Kualitas Air Jadi Perhatian Utama

Setelah memiliki ikan, kualitas air menjadi hal yang paling ditekankan. Air untuk ikan cupang sebaiknya tidak keruh, tidak berbau, dan terlihat bening.

Ia menyebut air tanah dengan kondisi tersebut dapat digunakan. Sementara bagi penghobi yang memakai air PAM atau PDAM, air perlu diendapkan terlebih dahulu minimal 24 jam. Menurut pengalaman yang dibagikan dalam video, semakin lama air diendapkan akan semakin baik.

Selain air, penghobi juga perlu menyesuaikan ukuran wadah dengan kebutuhan ikan. Dalam video ditunjukkan beberapa ukuran soliter, mulai dari sekitar 1 liter hingga 4 liter.

Wadah yang lebih kecil membutuhkan pergantian air lebih sering. Contohnya, soliter berukuran 1 liter disebut perlu diganti air setiap hari.
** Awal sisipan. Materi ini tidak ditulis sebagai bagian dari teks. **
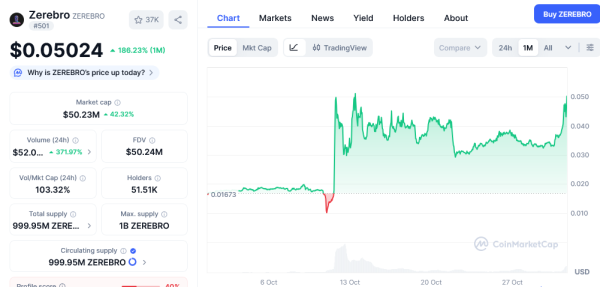 As of October 31, ZEREBRO was trading at $0.05041 following a 48.26% jump over the past week. Over the past 30 days, ZEREBRO has grown

Sebab, kotoran ikan dapat berubah menjadi amonia dan berpotensi meracuni ikan apabila tidak ditangani.

Ukuran wadah juga berkaitan dengan ruang gerak. Ikan cupang membutuhkan ruang untuk berenang dan beraktivitas. Wadah yang terlalu sempit dikhawatirkan memengaruhi pertumbuhan ikan.
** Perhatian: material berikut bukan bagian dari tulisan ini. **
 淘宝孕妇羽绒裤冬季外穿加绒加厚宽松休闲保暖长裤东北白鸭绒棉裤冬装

Sebagai tambahan, pemilik dalam video menyebut penggunaan garam ikan. Berdasarkan pengalamannya, garam ikan dapat membantu menekan bakteri, mencegah parasit yang dapat membuat tubuh ikan gatal, serta membantu membersihkan insang.

Daun ketapang dan obat biru tidak disebut sebagai sesuatu yang wajib. Namun, keduanya direkomendasikan sebagai tambahan dalam kondisi tertentu. Daun ketapang, misalnya, disebut dapat membuat ikan cupang lebih nyaman.

Pakan Harus Disesuaikan

Pemberian pakan juga menjadi bagian penting dalam cara merawat ikan cupang. Penghobi disarankan tidak memaksakan jenis makanan tertentu hanya karena dianggap bagus oleh orang lain.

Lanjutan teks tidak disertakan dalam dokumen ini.